Scholz und das neue „Bürgergeld“

Der Staat muss helfen, aber richtig

von Redaktion

VON GEORG ANASTASIADIS

Deutschland rettet seinen Gas-Giganten Uniper, und alle Gas-Kunden zahlen notgedrungen mit. In seiner großen „You’ll-never-walk-alone“-Rede an die Nation verspricht der Kanzler den Bürgern staatlichen Beistand. Mehr Heizkostenzuschüsse soll es geben und Kündigungsschutz für Mieter, die ihre Rechnungen nicht mehr bezahlen können. So weit, so gut. Doch Olaf Scholz mogelt auch ein neues Gesetz in sein Rettungspaket, das da nicht hingehört und dem Solidaritätsgedanken Hohn spricht: Zum Jahreswechsel soll die bisherige Grundsicherung zum „Bürgergeld“ werden. Der Gesetzentwurf von SPD-Arbeitsminister Hubertus Heil, der Hartz IV vergessen machen soll, zerstört einen zentralen Baustein des Prinzips „Fördern und Fordern“: Grundsicherungsempfänger, die etwa wiederholt Termine im Jobcenter versäumen, sollen künftig sechs Monate lang keine Leistungskürzungen befürchten müssen. Heil nennt das wohlklingend „Vertrauenszeit“.

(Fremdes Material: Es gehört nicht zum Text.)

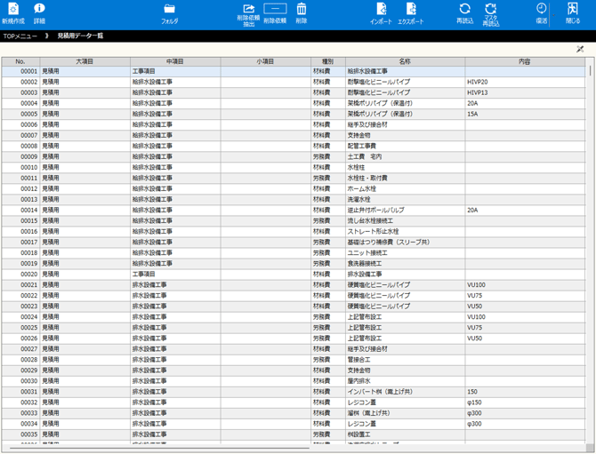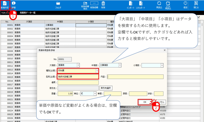 見積用データに登録することで、見積書作成時など「内訳取込」機能で名称などを呼び出すことができます。
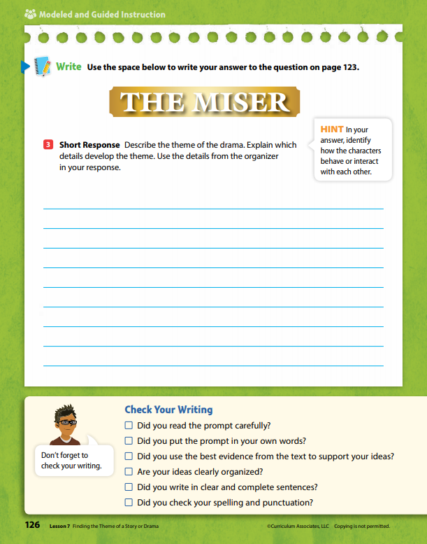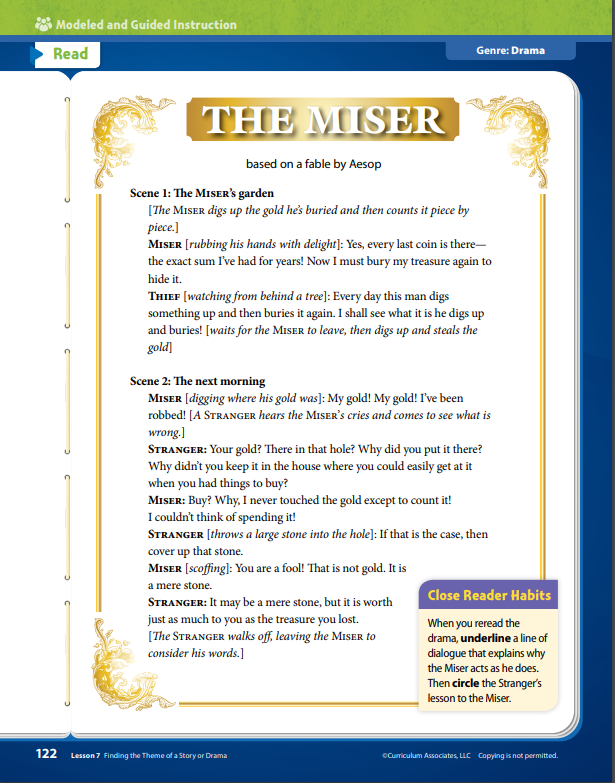 Underline a line of dialogue that explains why the Miser acts as he does. Then circle the Stranger's lesson to the Miser.
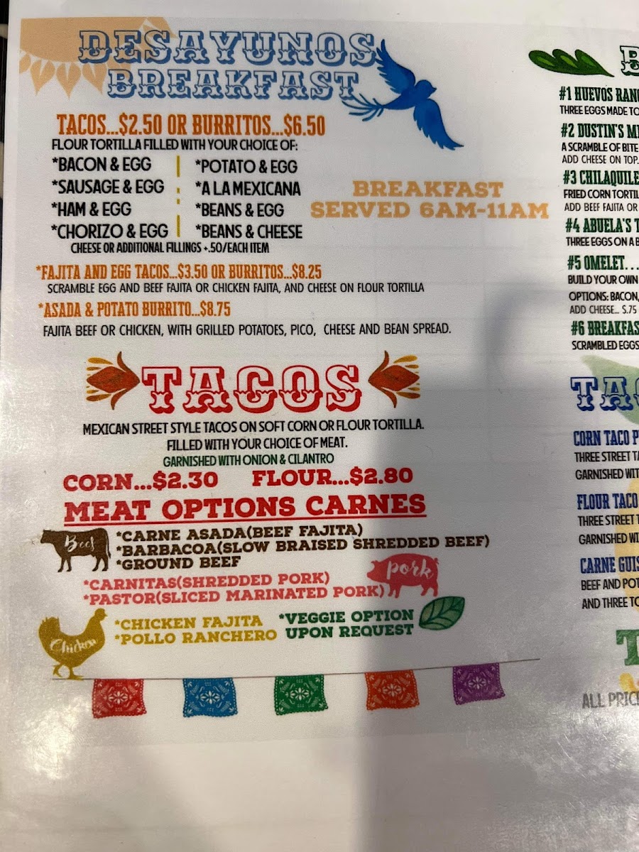 Two eggs made to order, topped with salsa ranchera. Your choice of bacon ham, or sausage served with beans homemade potatoes and three tortillas.
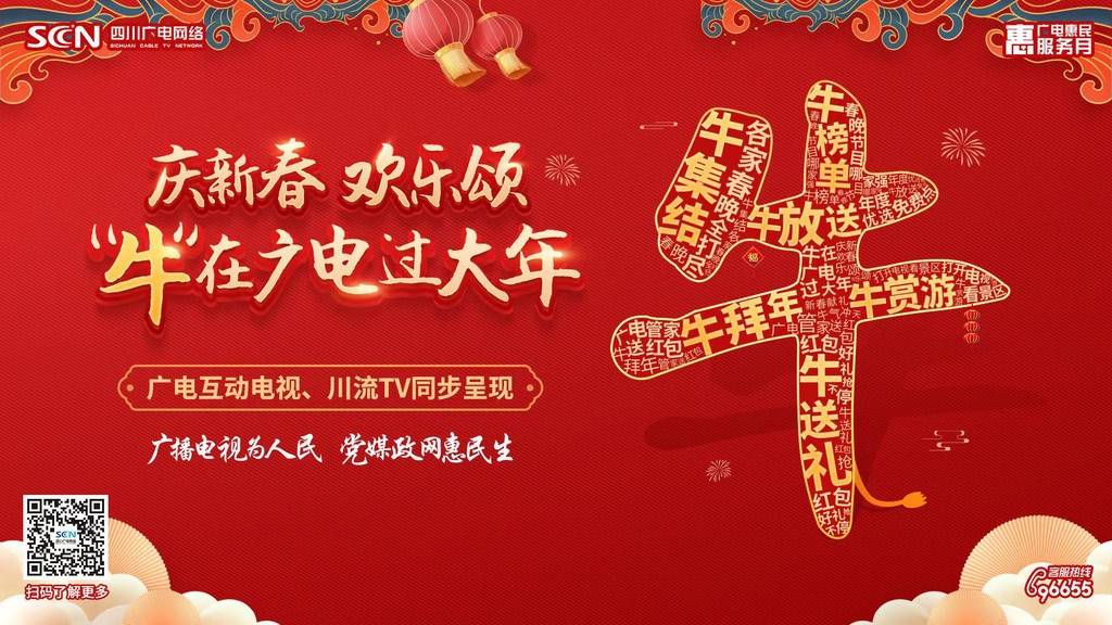 2月8日,记者从四川广电网络获悉,作为全省2021年春节文化惠民系列活动的组成内容,四川广电网络“庆新春欢乐颂 ‘牛’在广电过大年”活动已于2月6日正式开启,并将持续至2月28日。活动期间,开设新春活动专区,提供海量内容,开展形式丰富的互动活动,最大程度满足人民群众“留”川过年的文娱收视需求,为全川群众送上新春“贺礼”。
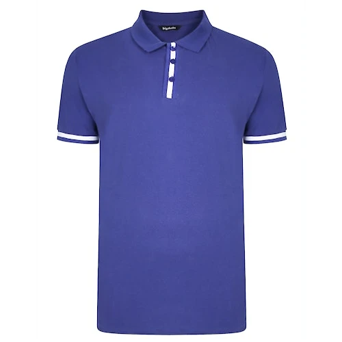 Bigdude Contrast Stripe Placket With Tipped Cuff Polo Shirt Cobalt
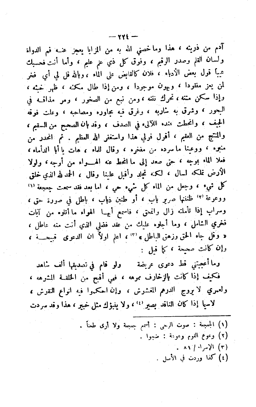 آدم من ذريته، هذا وما خصني الله به من المزايا يعجز عنه فم الدواة ولسان القلم وصدر الرقيم، وفوق كل ذي علم عليم، وأما أنت فحسبك عيباً قول بعض الأدباء، فلان كالقابض على الماء، وبالله قل لي أي فخر لمن يعز مفقوداً، ويهون موجوداً، ومن إذا طال مكثه، ظهر خبثه، وإذا سكن متنه، تحرك نتنه، ومن نبع من الصخور، ومر مذاقه في البحور، وشرق به شاربه، وغرق فيه مجاوره ومصاحبه، وعلت فوقه الجيف، وانحطت عنده اللآلىء في الصدف، وقد بان الصحيح من السقيم، والمنتج من العقيم، أقول قولي هذا وأستغفر الله العظيم. ثم انحدر من منبره، ووعينا ما سرده من مفخره، وقال للماء، هات يا أبا الدأماء، فعلا الماء بموجه، حتى صعد إلى ما انحط عنه الهواء من أوجه، ولولا الأرض تملكه لسال، لكنه تجلد وأقبل علينا وقال، الحمد لله الذي خلق كل شيء، وجعل من الماء كل شيء حي، أما بعد فقد سمعت جعجعة ووعوعة ظننتها صرير باب، أو طنين ذباب، باطل في صورة حق، وسراب إذا تأملته زال وانمحق، فاسمع أيها الهواء ما أتلوه من آيات فخري الشامل، وما أجلوه عليك من عقد فضلي الذي أنت منه عاطل، " وقل جاء الحق وزهق الباطل "، اعلم أولاً أن الدعوى قبيحة، وإن كانت صحيحة، كما قيل:
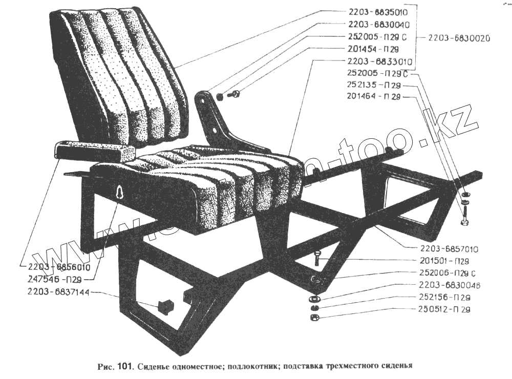 Каталог запасных частей к технике: РАФ-2203. Сиденье одноместное, подлокотник, подставка трехместного сиденья
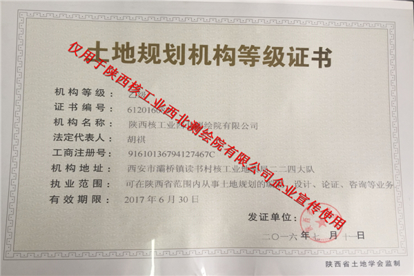 [2016-07-19]陕核西北测绘院平台建设再添新证7月15日,陕核西北测绘院成功取得土地规划乙级资质,这标志着测绘院从测绘技术服务行业进军规划设计行业,业务范围成功实现向土地利用规划编制、设计、论证、咨询及土地整...

Wie bitte? Zwei Millionen Stellen sind in Deutschland unbesetzt, Betriebe suchen verzweifelt Mitarbeiter, gerade auch gering qualifizierte – und die Regierung will den Menschen Anreize zur Arbeitsaufnahme nehmen? Richtig wäre, da hat die FDP Recht, das Gegenteil: Menschen, die künftig Bürgergeld beziehen, sollten zur Arbeitsaufnahme motiviert werden, indem sie einen größeren Teil ihres Einkommens aus einem Minijob oder aus Teilzeit behalten dürfen. Den Weg zurück in den Arbeitsmarkt zu ebnen ist besser, als Sozialleistungen noch attraktiver zu machen. Gerade die Kanzler-Partei SPD sollte nicht die Illusion nähren, der Staat könne inmitten der größten Krise der Nachkriegszeit den Sozialstaat weiter aufblähen. Die Einführung eines bedingungslosen Grundeinkommens durch die Hintertür ist schlicht nicht finanzierbar.

Viele Normalverdiener, die keine Grundsicherung beziehen, bangen angesichts explodierender Preise um ihren Lebensunterhalt, verzichten auf den verdienten Urlaub. Für sie wäre ein Ampel-Bürgergeld, das  nicht die Schwachen, sondern die Bequemen schützt, ein Schlag ins Gesicht. Solidarität darf keine Einbahnstraße sein.